Grissom: Well, in this case we're going to recreate the flight from... 1630 hours on. You (Brass) are in 4B.
Catherine: Lou -- the angry businessman. How about that?
Sara: I want to be Shannon. Good.
Warrick: The stewardess.
Sara: Excuse me -- it's "Flight Attendant".
Grissom: Catherine-- the doctor, 3E.
Catherine: Single mom. What an imagination you have.
Grissom: Max and Marlene, 2E and F. You two are married. Who wants to wear the pants?
Nick: CSI-3 seniority, sweetie.
Warrick: Yeah, whatever. You're henpecked anyway.
Sara (to Grissom): Let me guess -- you're the computer geek.
Grissom: In the interest of clarity, yes. Nate in 2C.
(while team is re-enacting a flight on the plane; Warrick and Nick are playing a married couple)
Warrick: (to Nick) Go protect me, honey!
Nick: (to Warrick) I'll protect you, buttercup.
Sara: I take it that's not blood?
Grissom: No, but it has protein in it.
Sara: Ah, the mile high club.
Grissom: So, dead guy in first class?
Brass: Las Vegas Air, I always heard it was a good time.
Grissom: If nothing criminal happened on that flight ... why isn't anybody talking to us?
Catherine: I'm going to go out on a limb here ... and say ... they're hiding something?
Grissom: Then we get to play hide-and-seek.

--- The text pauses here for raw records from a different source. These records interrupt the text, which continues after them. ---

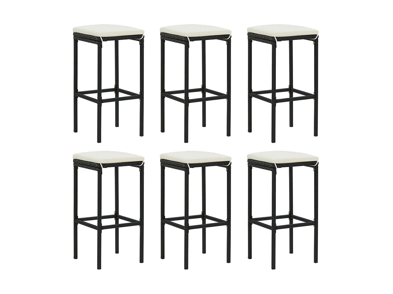 Ensemble de bar de jardin 7 pcs et coussins Résine tressée Noir 2
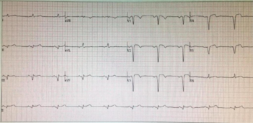 A 50-year-old male patient, with history of well-controlled hypertension and no known personal or family history of cardiac disease, presented with chest pain followed by syncope during strenuous physical activity. The electrocardiogram showed sustained monomorphic ventricular tachycardia. Electrical cardioversion was performed, with conversion to sinus rhythm with Q waves on leads V2-5 and III-aVF (). Transthoracic echocardiography (TTE) showed asymmetric left ventricular (LV) hypertrophy, preserved ejection fraction (EF) with apical akinesia, and hypertrabeculated right ventricle (RV). Coronary angiography showed no significant lesions. Cardiac MRI confirmed the TTE findings, showing a maximum LV wall thickness of 17 mm at the interventricular septum (Figure S1 — supplementary material), apical LV aneurysm and abnormal insertion of papillary muscles. The right side was remarkable for hypertrabeculated and hypokinetic free and inferior walls, and mildly dilated RV with reduced EF (33%). Besides having transmural delayed enhancement (DE) on the LV apex, there was also nodular DE on the LV/RV junction and on the free and inferior basal walls of the RV (; –; Figure S2 of supplementary material). Genetic analysis found a heterozygous mutation on the PKP2 gene (p.Thr50Serfs*61), a pathogenic variant associated with arrhythmogenic RV cardiomyopathy. However, no known mutation on genes related to hypertrophic cardiomyopathy (HCM) were found on a panel of 204 genes, 118 related to HCM. No association has been firmly made between mutations on the PKP2 gene and HCM. The overlap between genetics and cardiomyopathy phenotypes is a well-known phenomenon. We hypothesize that this patient either had an additional unknown HCM gene mutation or, less likely, a phenotypic expression of two different cardiomyopathies in the context a PKP2 gene mutation.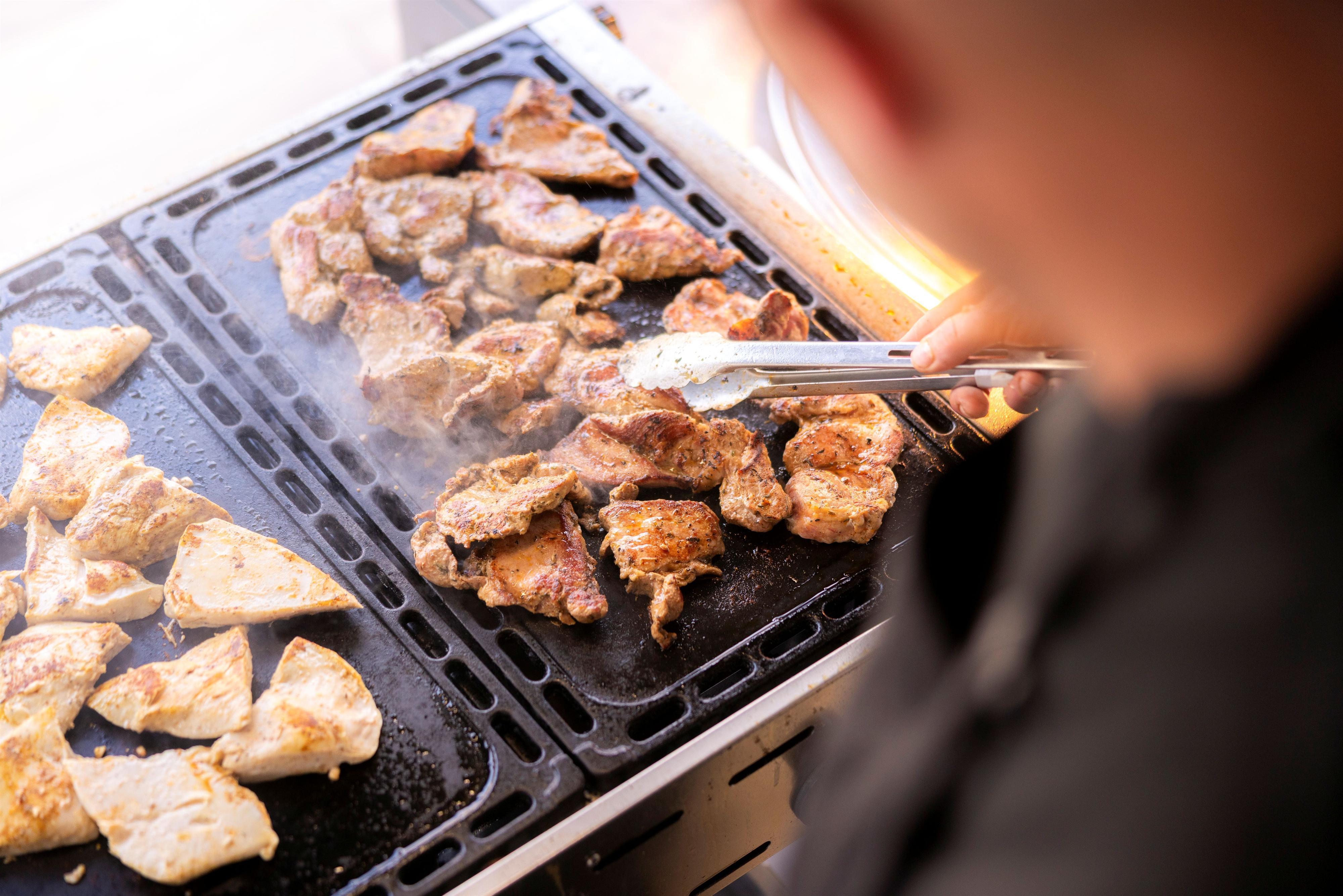Geboten wird ein umfangreiches All-you-can-eat-Grillbuffet mit Vorspeisen-, Brot- und Salatbuffet sowie Live-Grillen mit frischen Fisch- und Fleischgerichten, Würstl und Seafood. Dazu Grillgemüse, verschiedene Beilagen und Saucen, eine Burger-Ecke sowie eine erweiterte Auswahl an vegetarischen und veganen Spezialitäten – alles, was das Grillherz begehrt.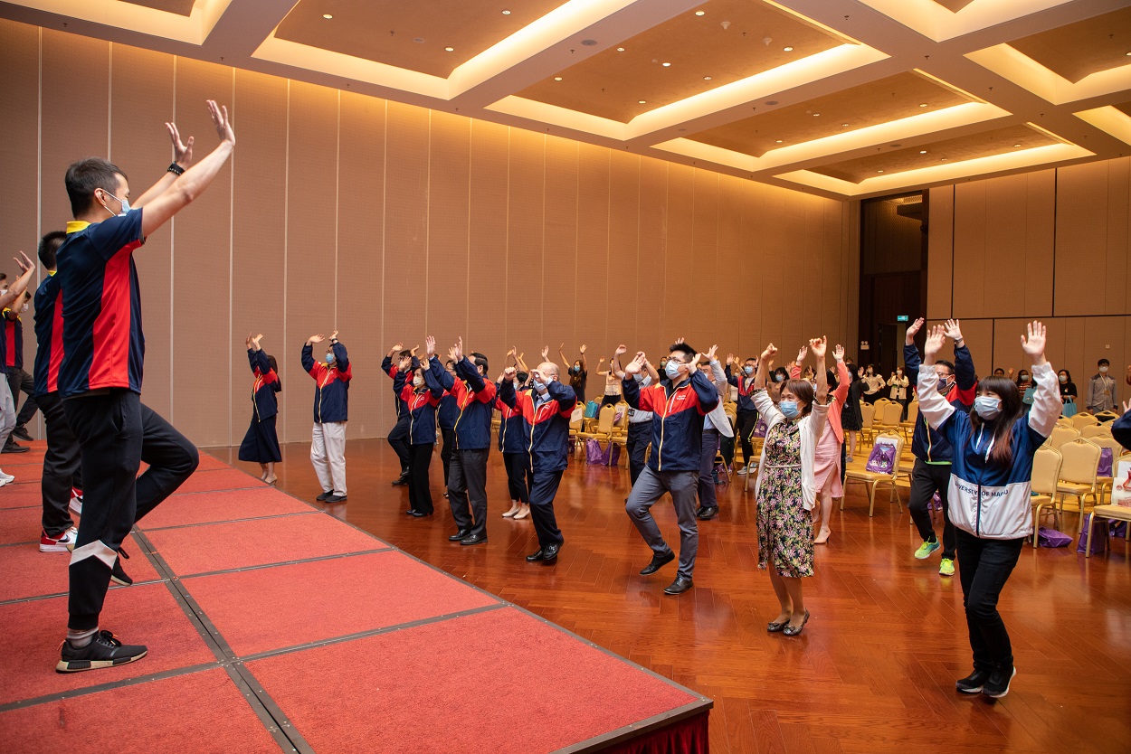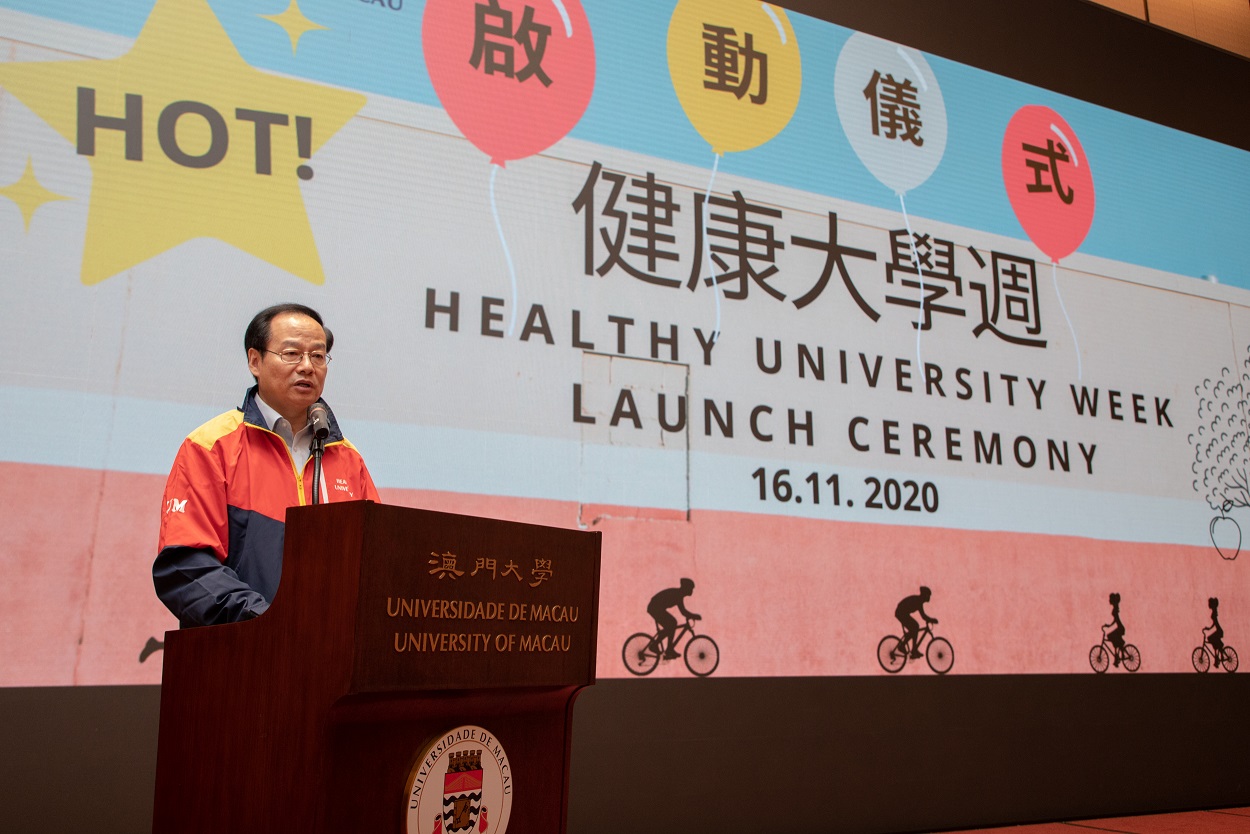 澳大副校长葛伟致辞时表示,二零二零年是特别的一年,在新型冠状病毒肺炎疫情下,迎来了机遇与挑战。澳大积极配合澳门特区政府的抗疫政策,落实执行防疫措施,尽最大努力保障教职员及学生的健康及校园的正常运作。葛伟进一步表示,保持个人卫生及养成健康生活习惯能增强免疫力,是抗疫最基本的一步,提醒大家多做运动、均衡饮食、作息定时、保持身心健康,共同抗疫。

Gil: I got a dead body. And a crime scene with wings.
Gil: I need their shoes.
Catherine: Why are you telling me?
Gil: Cause you're the people person, right.
Catherine: Well, why don't you tell them that. They're not giving me bubkiss.
Catherine: (to passengers) Okay people, listen up. Shoes. Off. Now.
Gil: It took five people to kill him, but it would only have taken one person to save his life.
Gil: You all have different opinions, but you've taken the same point of view. You've put yourselves in the shoes of the passengers. But nobody put themselves in the shoes of the victim.